International career^{‡}
- 1992–2005: Panama / 44 / (7)

= Neftalí Díaz =

Panamanian footballer (born 1971)

Neftalí Díaz Cajar (born 15 December 1971 in Panama City) is a Panamanian retired football forward.

==Club career==
Díaz started his career at Euro Kickers, where he formed a lethal strike duo with José "Chepe" Ardines.

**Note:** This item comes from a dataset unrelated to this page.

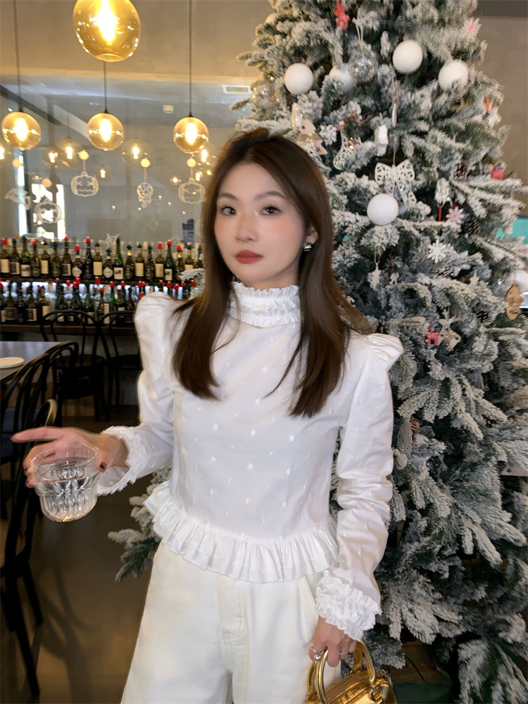 Luoluo Zhuanjie white French style shirt 2025 new women s autumn and winter design sense niche long sleeved top with a pullover inside
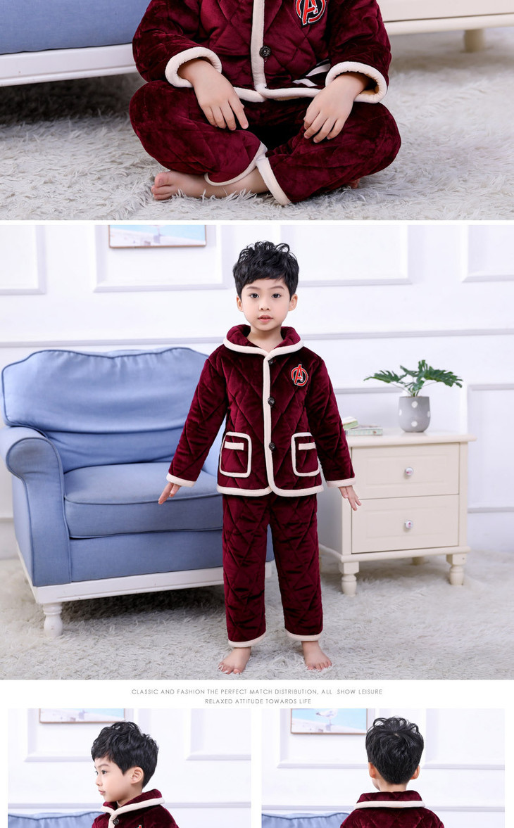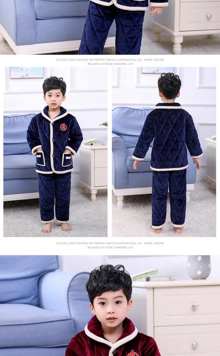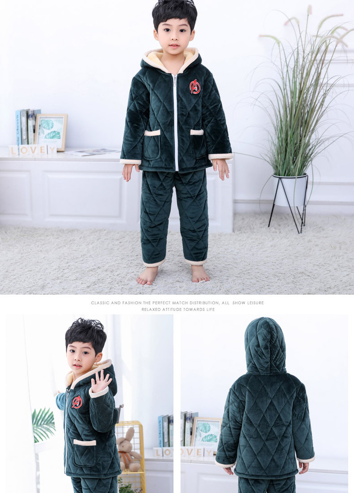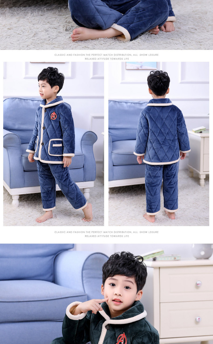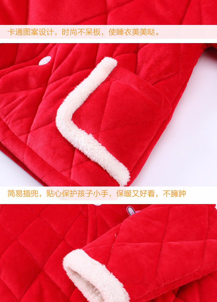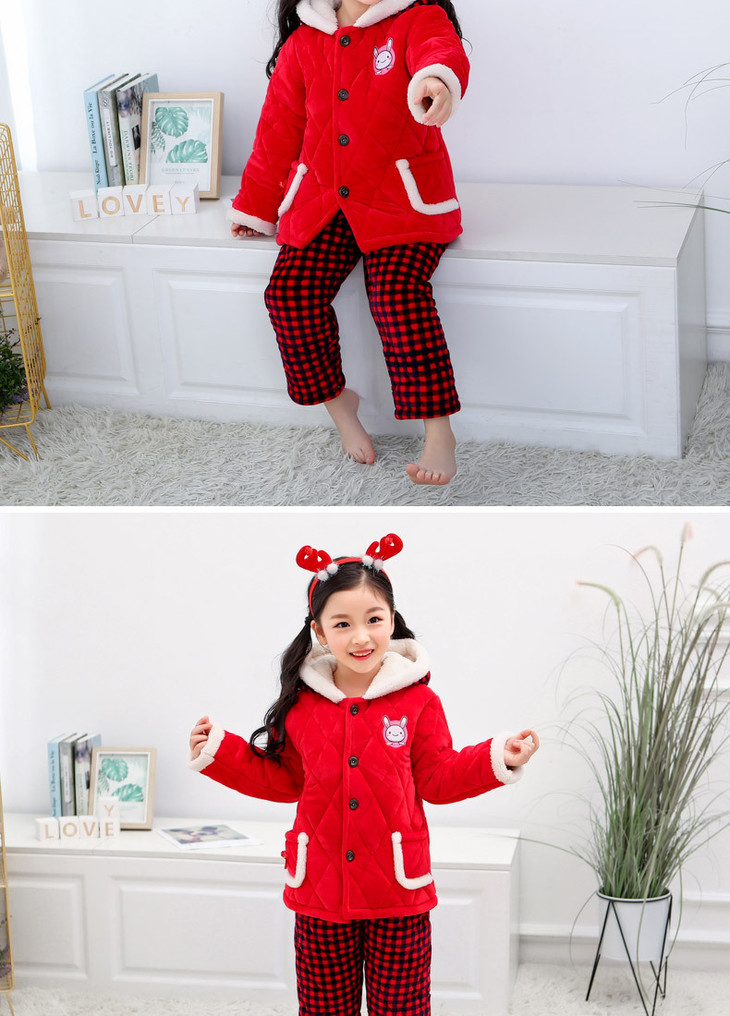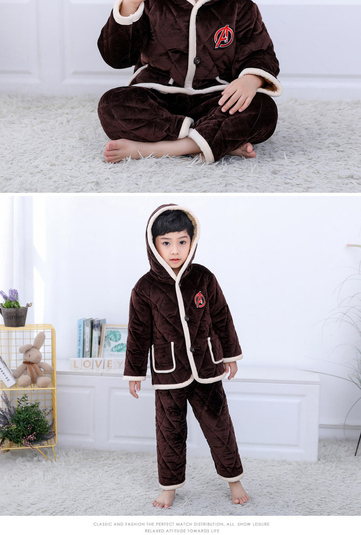 XH-J秋冬新款儿童法兰绒睡衣水晶绒三层夹棉套装

In January 1997 he moved abroad to play for Salvadoran side FAS. He also had spells in Uruguay with Bella Vista and Basáñez.
Nicknamed Poeta de la Zurda, Díaz returned to San Francisco in summer 2002 after scoring 4 goals in a season at Atlético Veragüense.

He returned to Veragüense in February 2008.

==International career==
Díaz made his debut for Panama in a June 1992 friendly match against Honduras and has earned a total of 44 caps, scoring 7 goals. He represented his country in 6 FIFA World Cup qualification matches and played at the 1993 CONCACAF Gold Cup.

His final international was a May 2005 friendly match against Venezuela.

==Managerial career==
In September 2012, he was appointed assistant to new manager José Anthony Torres at Sporting San Miguelito.

==Personal life==
Díaz's son Érick Díaz is also a professional footballer and Panama international.